Search code examples
elasticsearchelasticsearch-analyzerselasticsearch-1.7.5

Elasticsearch analyze API shows wrong tokens with 1.X version when used according to 7.X syntax


While working on one of the user's queries, where initially I assumed he was using the latest version and when he showed analyze API, it was surprising.

Custom analyzer for which tokens needs to be checked

{
    "settings": {
        "analysis": {
            "filter": {
                "splcharfilter": {
                    "type": "pattern_capture",
                    "preserve_original": true,
                    "patterns": [
                        "([?/])"
                    ]
                }
            },
            "analyzer": {
                "splcharanalyzer": {
                    "tokenizer": "keyword",
                    "filter": [
                        "splcharfilter",
                        "lowercase"
                    ]
                }
            }
        }
    }
}

Analyze API

POST /_analyze

{
    "analyzer": "splcharanalyzer",
    "text" : "And/or"
}

Output

{
    "tokens": [
        {
            "token": "analyzer", --> why this token
            "start_offset": 7,
            "end_offset": 15,
            "type": "<ALPHANUM>",
            "position": 1
        },
        {
            "token": "splcharanalyzer", --> why this token
            "start_offset": 19,
            "end_offset": 34,
            "type": "<ALPHANUM>",
            "position": 2
        },
        {
            "token": "text", --> why this token
            "start_offset": 42,
            "end_offset": 46,
            "type": "<ALPHANUM>",
            "position": 3
        },
        {
            "token": "and",
            "start_offset": 51,
            "end_offset": 54,
            "type": "<ALPHANUM>",
            "position": 4
        },
        {
            "token": "or",
            "start_offset": 58,
            "end_offset": 60,
            "type": "<ALPHANUM>",
            "position": 5
        }
    ]
}

As its clearly shown above its generating so many tokens which are not correct, when checked user mentioned he was using 1.7 version and followed the syntax provided in the latest version of elasticsearch.


Solution

  • As Elasticsearch 1.X version is quite old, and Elasticsearch by default opens the latest version of API and wondering the importance of analyze API for troubleshooting so many issues in Elasticsearch I am posting here the correct syntax of 1.X version, Hope this would help other old version users of Elasticsearch.

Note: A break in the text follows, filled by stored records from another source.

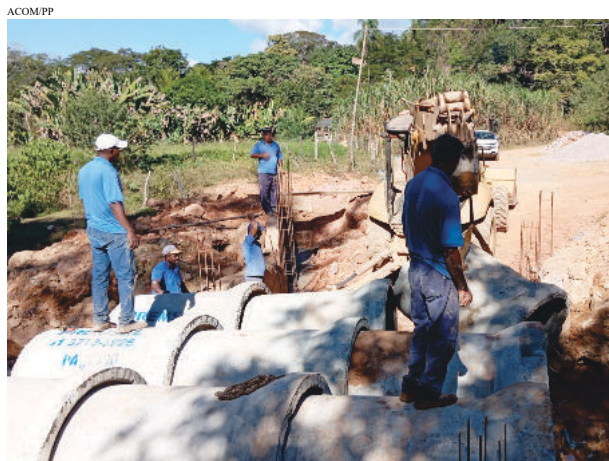
Obras da nova ponte já foram iniciadas

Esta ponte em Macacos, como várias outras, foi destruída pelas fortes chuvas.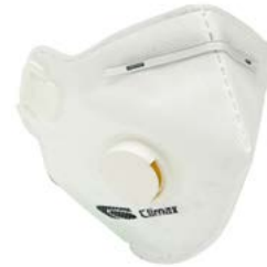
MASCH-03 • TIPO FFP1 • MASSIMO LIVELLO D'USO: 4 x TLV • CON VALVOLA DI ESALAZIONE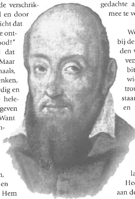
H. Franciscus van Sales

Weliswaar moeten we bij de aanblik van de zonden van ons vroegere leven altijd in vrees en bitterheid zijn. Maar wie bij enkel wantrouwen en vrees blijft staan, zonder tot hoop en vertrouwen over te gaan, die is gelijk aan een mens die van de rozenstok slechts de doornen verzamelt en de rozen laat staan. Wie op de Heer hopen zijn gelijk aan de berg Sion, die geen storm aan het wankele kan brengen (Ps 124, 1).

    Elasticsearch 1.X analyze API documentation can be found here and below are the correct tokens generated for text mentioned in the question.

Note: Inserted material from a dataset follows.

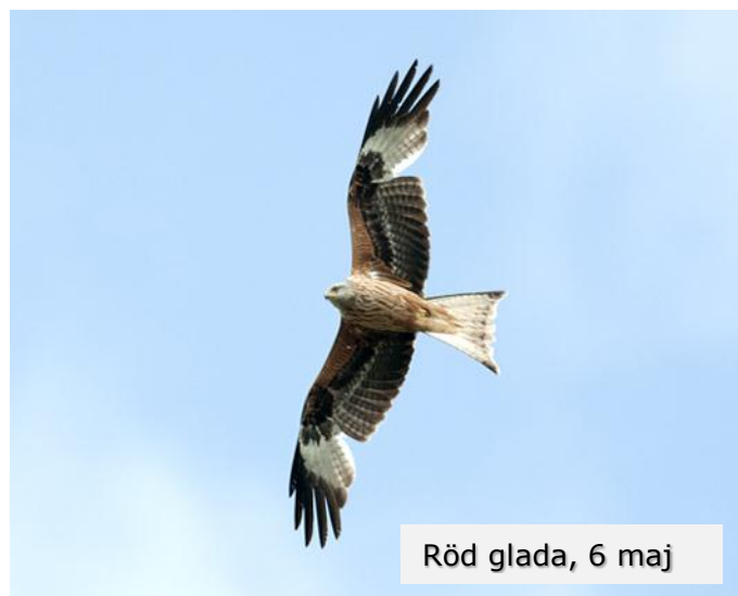
Röd glada, 6 maj

      GET  /_analyze?analyzer=splcharanalyzer&text=And/or --> note its GET request
    

    Correct tokens generated for And/or with the analyzer posted in question for 1.X

    {
        "tokens": [
            {
                "token": "and/or",
                "start_offset": 0,
                "end_offset": 6,
                "type": "word",
                "position": 1
            },
            {
                "token": "/",
                "start_offset": 0,
                "end_offset": 6,
                "type": "word",
                "position": 1
            }
        ]
    }